[COLLECTED DATA]:
'''

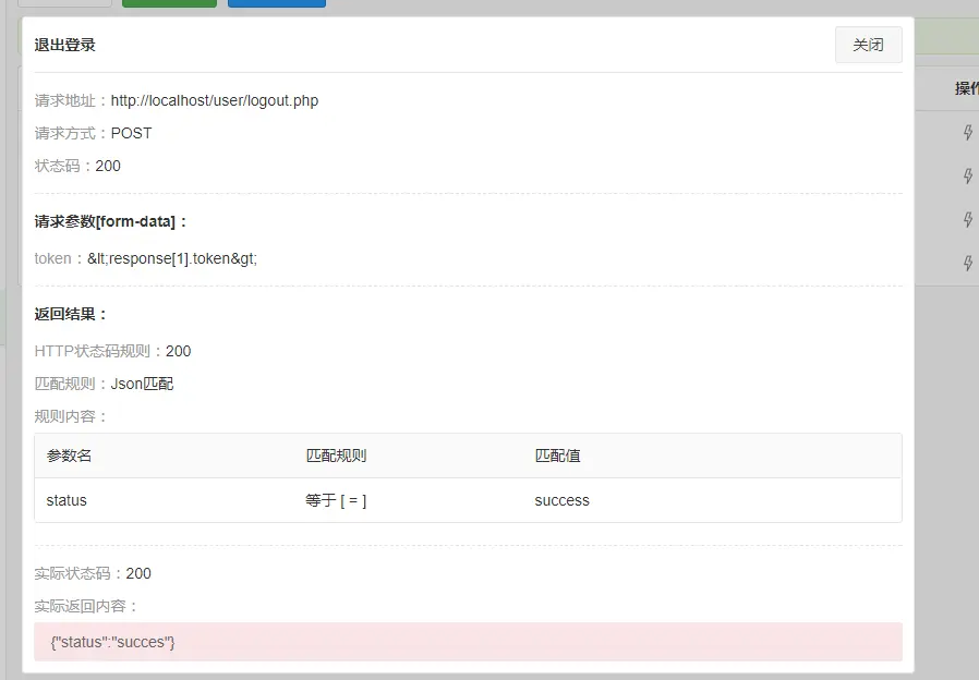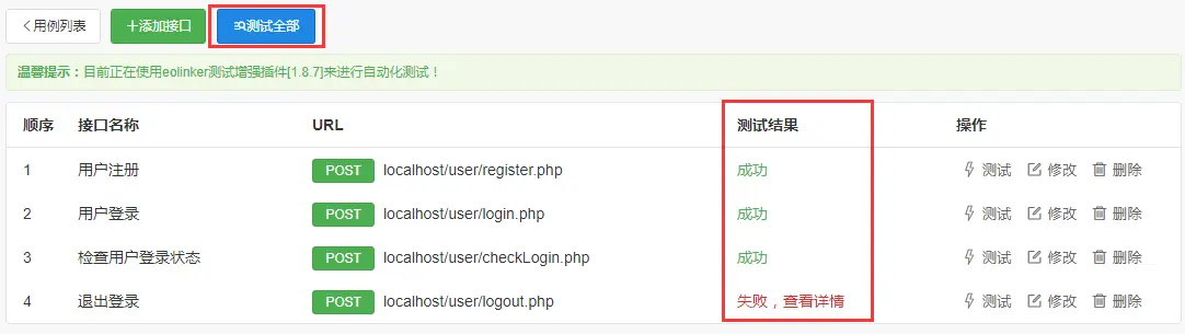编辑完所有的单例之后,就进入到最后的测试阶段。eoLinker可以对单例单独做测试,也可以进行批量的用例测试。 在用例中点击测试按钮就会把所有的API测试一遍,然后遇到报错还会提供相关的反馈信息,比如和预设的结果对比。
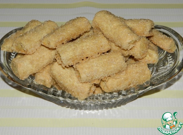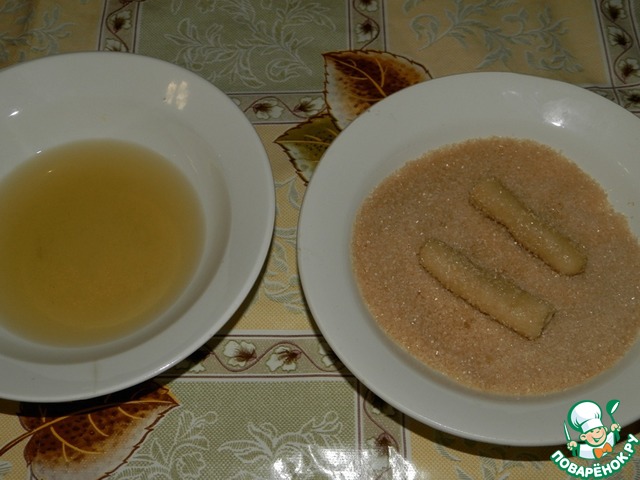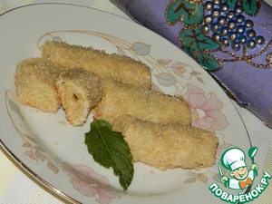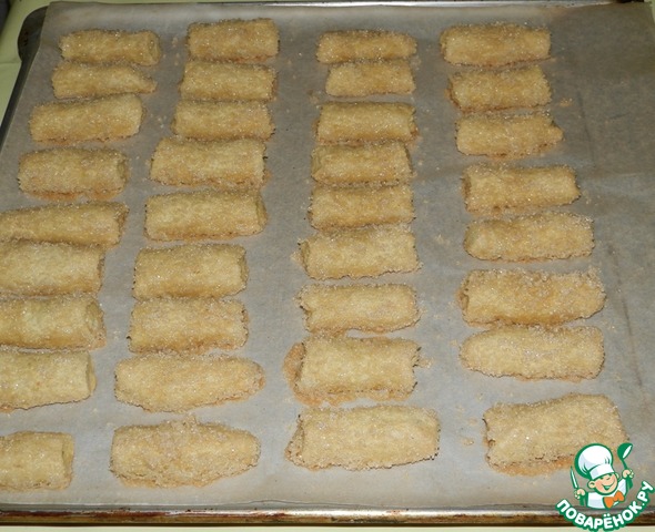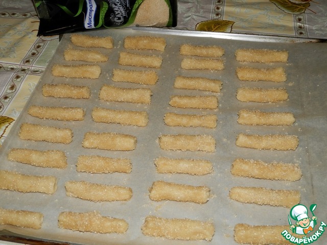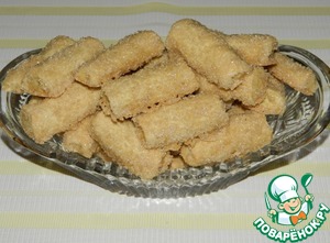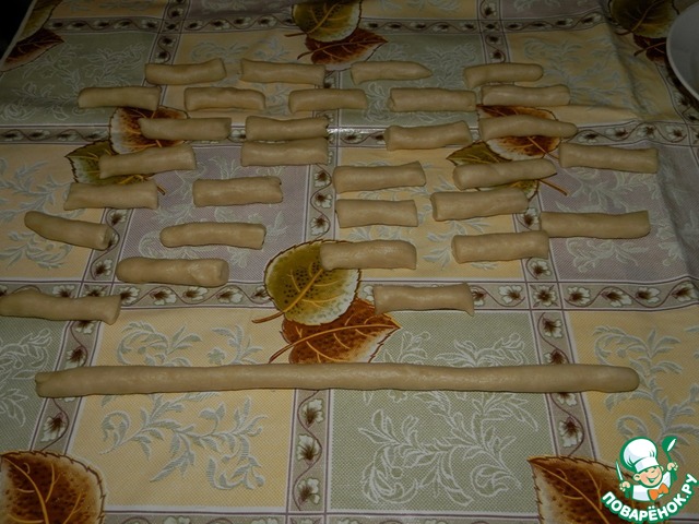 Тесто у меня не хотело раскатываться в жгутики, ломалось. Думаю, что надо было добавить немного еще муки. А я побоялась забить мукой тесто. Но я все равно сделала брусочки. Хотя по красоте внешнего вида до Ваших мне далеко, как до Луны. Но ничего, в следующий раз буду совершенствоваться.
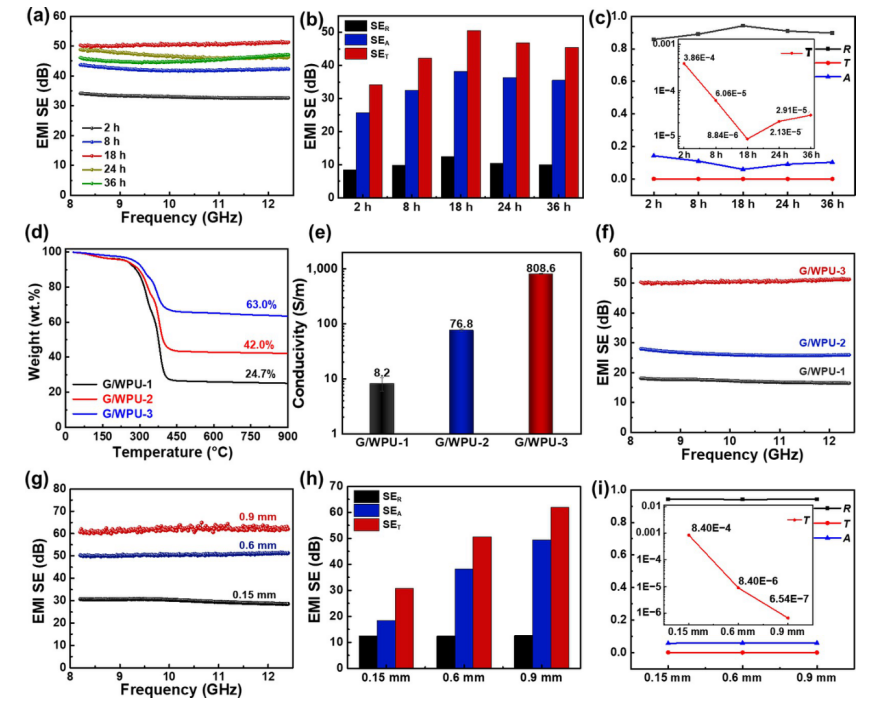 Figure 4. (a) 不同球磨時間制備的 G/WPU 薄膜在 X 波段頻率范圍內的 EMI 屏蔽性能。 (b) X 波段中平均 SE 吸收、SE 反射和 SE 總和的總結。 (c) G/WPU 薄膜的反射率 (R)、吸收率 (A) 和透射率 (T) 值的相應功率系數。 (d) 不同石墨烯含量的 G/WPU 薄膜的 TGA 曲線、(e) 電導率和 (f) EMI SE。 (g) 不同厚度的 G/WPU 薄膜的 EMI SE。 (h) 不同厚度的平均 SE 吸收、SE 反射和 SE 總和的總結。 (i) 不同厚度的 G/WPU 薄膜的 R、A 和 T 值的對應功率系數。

'''

[EXERCISE INSTRUCTIONS]: The reply has to reproduce every line above verbatim and contain no pictures.

[SOLUTION]:
编辑完所有的单例之后,就进入到最后的测试阶段。eoLinker可以对单例单独做测试,也可以进行批量的用例测试。 在用例中点击测试按钮就会把所有的API测试一遍,然后遇到报错还会提供相关的反馈信息,比如和预设的结果对比。
 Тесто у меня не хотело раскатываться в жгутики, ломалось. Думаю, что надо было добавить немного еще муки. А я побоялась забить мукой тесто. Но я все равно сделала брусочки. Хотя по красоте внешнего вида до Ваших мне далеко, как до Луны. Но ничего, в следующий раз буду совершенствоваться.
 Figure 4. (a) 不同球磨時間制備的 G/WPU 薄膜在 X 波段頻率范圍內的 EMI 屏蔽性能。 (b) X 波段中平均 SE 吸收、SE 反射和 SE 總和的總結。 (c) G/WPU 薄膜的反射率 (R)、吸收率 (A) 和透射率 (T) 值的相應功率系數。 (d) 不同石墨烯含量的 G/WPU 薄膜的 TGA 曲線、(e) 電導率和 (f) EMI SE。 (g) 不同厚度的 G/WPU 薄膜的 EMI SE。 (h) 不同厚度的平均 SE 吸收、SE 反射和 SE 總和的總結。 (i) 不同厚度的 G/WPU 薄膜的 R、A 和 T 值的對應功率系數。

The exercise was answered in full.